The only sunscreen products impacted are aerosol products, specifically: NEUTROGENA® Beach Defense® aerosol sunscreen:
- NEUTROGENA® Cool Dry Sport aerosol sunscreen
- NEUTROGENA® Invisible Daily™ defense aerosol sunscreen
- NEUTROGENA® Ultra Sheer® aerosol sunscreen
- AVEENO® Protect + Refresh aerosol sunscreen

Benzene is classified as a human carcinogen, a substance that could potentially cause cancer depending on the level and extent of exposure. Benzene is ubiquitous in the environment. Humans around the world have daily exposures indoors and outdoors from multiple sources. Benzene can be absorbed, to varying degrees, by inhalation, through the skin, and orally. Based on exposure modeling and the Environmental Protection Agency’s (EPA) framework, daily exposure to benzene in these aerosol sunscreen products at the levels detected in our testing would not be expected to cause adverse health consequences.

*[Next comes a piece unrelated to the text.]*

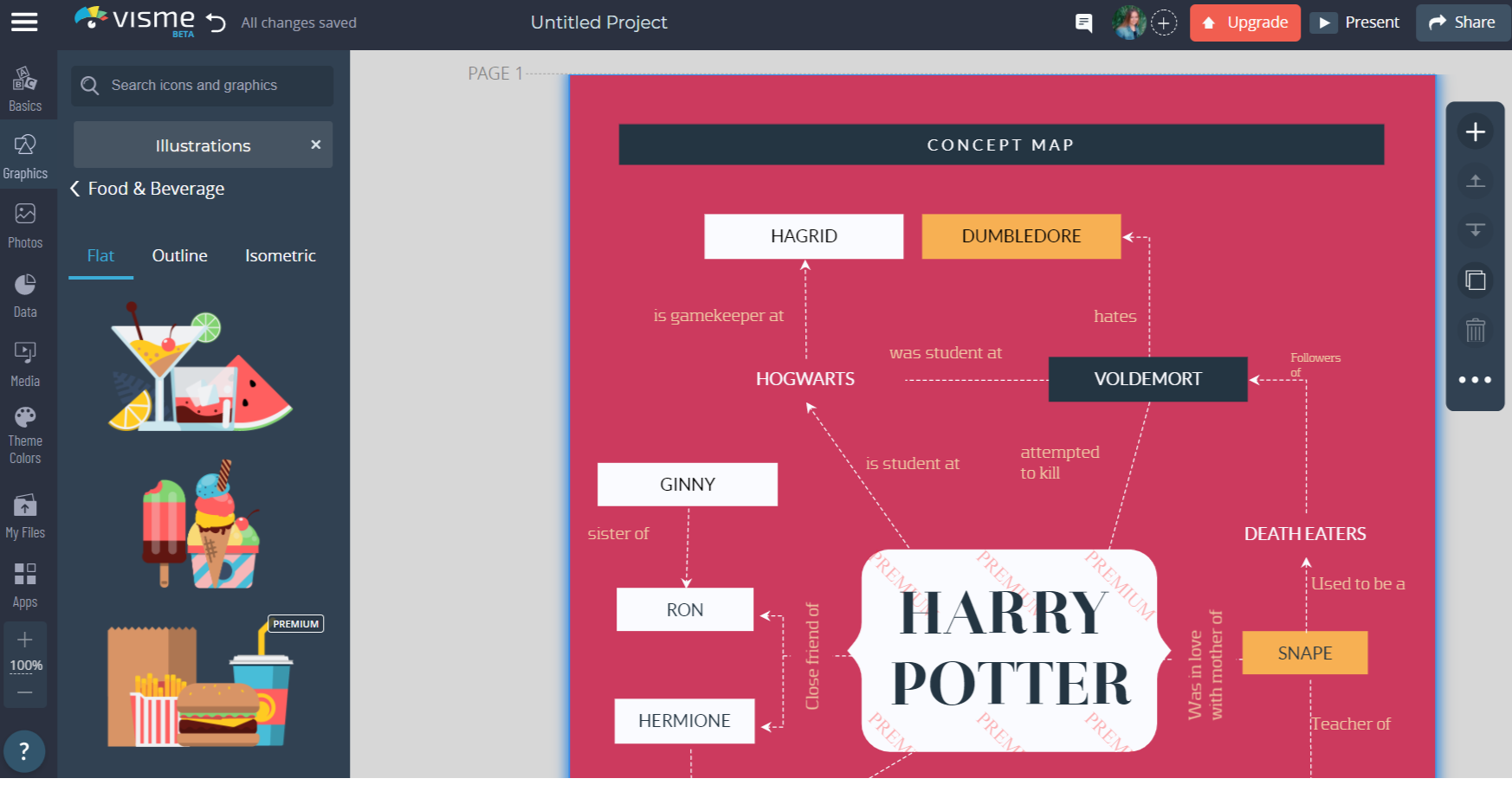 Львиная доля шаблонов закрыта для бесплатного пользования, но и среди открытых есть что выбрать. Для удобства они разбиты на группы по типам: инструкции, сравнение, хронология, диаграммы и т. д. Доступны некоторые виджеты и графики, изображения, иконки и фото. К слову, можно загрузить и свои картинки, но хранилище ограничено – до 100 МБ.

Out of an abundance of caution, we are recalling all lots of these specific aerosol sunscreen products.

While benzene is not an ingredient in any of our sunscreen products, it was detected in some samples of the impacted aerosol sunscreen finished products. We are investigating the cause of this issue, which is limited to certain aerosol sunscreen products. Sunscreen use is critical to public health. Melanoma incidences continue to increase worldwide, and the majority of cases are caused by excessive sun exposure. It is important that people everywhere continue to take appropriate sun protection measures, including the continued use of alternative sunscreen.

The recalled sunscreen products are packaged in aerosol cans. The products were distributed nationwide through a variety of retail channels.

Consumers should stop using these specific products and appropriately discard them.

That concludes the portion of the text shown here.